TASK STATEMENT - Transcribe all of the records word for word, please, omitting the pictures.

PROVIDED RECORDS -
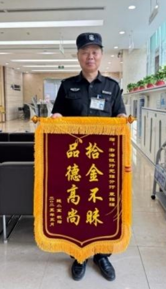 近日,公司派駐渤海銀行無錫分行營業(yè)部收到一面繡有“拾金不昧,品德高尚”的錦旗。贈送者魏先生緊緊握住保安隊員袁錫強的手,再三表達感謝。
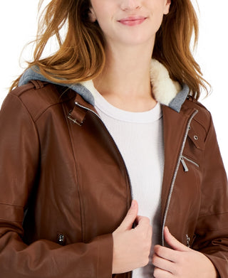 Jou Jou Junior's Faux Leather Hoodie Moto Jacket Brown Size Medium
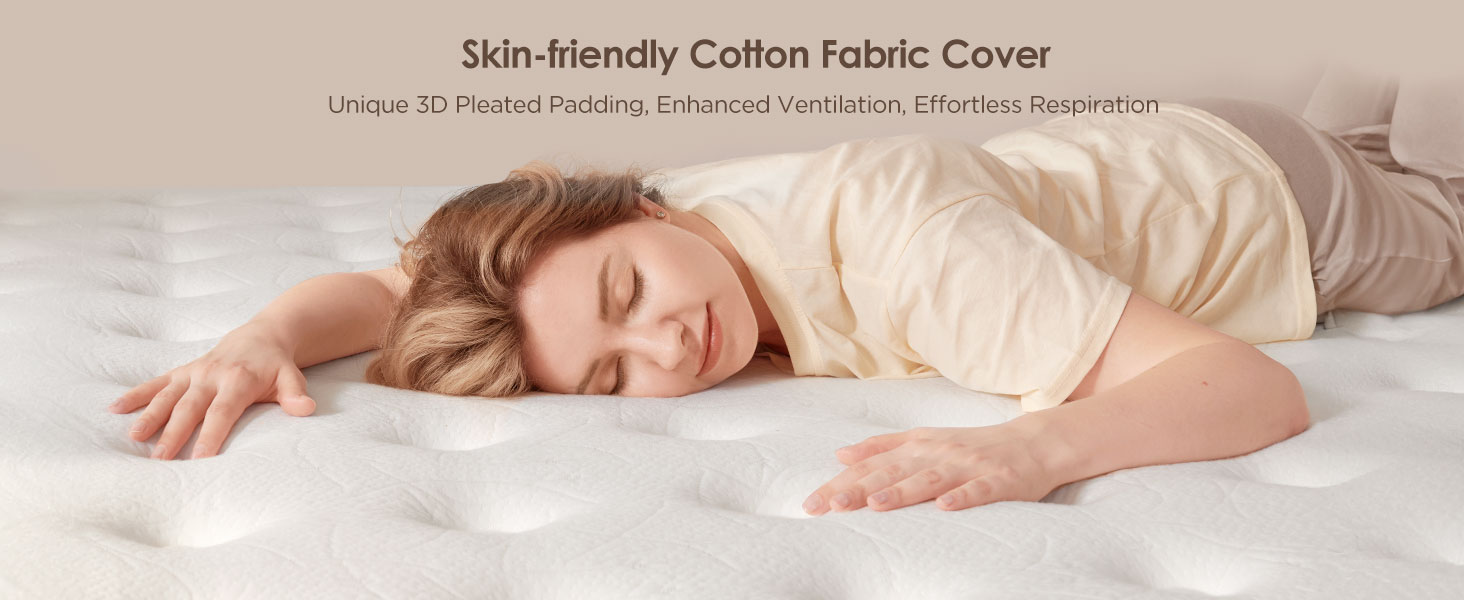 Continuous Cooling & Airflow Comfort: Designed for enhanced coolness and airflow, our queen size hybrid mattress features a soft, skin-friendly cotton-knit cover and breathable foam padding. This combination promotes continuous ventilation, reducing nighttime moisture and stuffiness for a refreshed sleep
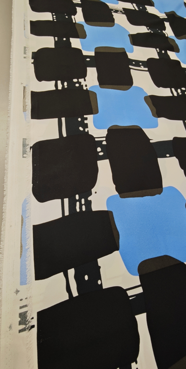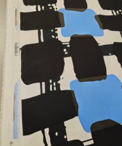 Bilo da želite izraditi svakodnevni komad odjeće ili poseban modni detalj koji plijeni pažnju, ova tkanina pruža savršenu ravnotežu između elegancije i praktičnosti. Geometrijski motivi daju joj moderan izgled, dok kontrast plave i crne boje stvara dojam samouvjerenosti i stila.
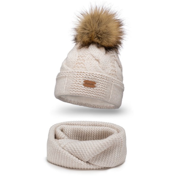 Komplet damski w kolorze ecru na zimowe dni składający się z klasycznej czapki z wywinięciem i futerkowym pomponem oraz komina do owinięcia na dwa razy. Czapka jest podszyta miękkim polarem, zapewniając dodatkowe ciepło i komfort. Idealny wybór na zimowe spacery, kiedy chcesz wyglądać elegancko i czuć się przytulnie. Komplet wykonany z mieszanki - 51% wełna jagnięca, 49% bawełna.

ANSWER TO THIS TASK -
 近日,公司派駐渤海銀行無錫分行營業(yè)部收到一面繡有“拾金不昧,品德高尚”的錦旗。贈送者魏先生緊緊握住保安隊員袁錫強的手,再三表達感謝。
 Jou Jou Junior's Faux Leather Hoodie Moto Jacket Brown Size Medium
 Continuous Cooling & Airflow Comfort: Designed for enhanced coolness and airflow, our queen size hybrid mattress features a soft, skin-friendly cotton-knit cover and breathable foam padding. This combination promotes continuous ventilation, reducing nighttime moisture and stuffiness for a refreshed sleep
 Bilo da želite izraditi svakodnevni komad odjeće ili poseban modni detalj koji plijeni pažnju, ova tkanina pruža savršenu ravnotežu između elegancije i praktičnosti. Geometrijski motivi daju joj moderan izgled, dok kontrast plave i crne boje stvara dojam samouvjerenosti i stila.
 Komplet damski w kolorze ecru na zimowe dni składający się z klasycznej czapki z wywinięciem i futerkowym pomponem oraz komina do owinięcia na dwa razy. Czapka jest podszyta miękkim polarem, zapewniając dodatkowe ciepło i komfort. Idealny wybór na zimowe spacery, kiedy chcesz wyglądać elegancko i czuć się przytulnie. Komplet wykonany z mieszanki - 51% wełna jagnięca, 49% bawełna.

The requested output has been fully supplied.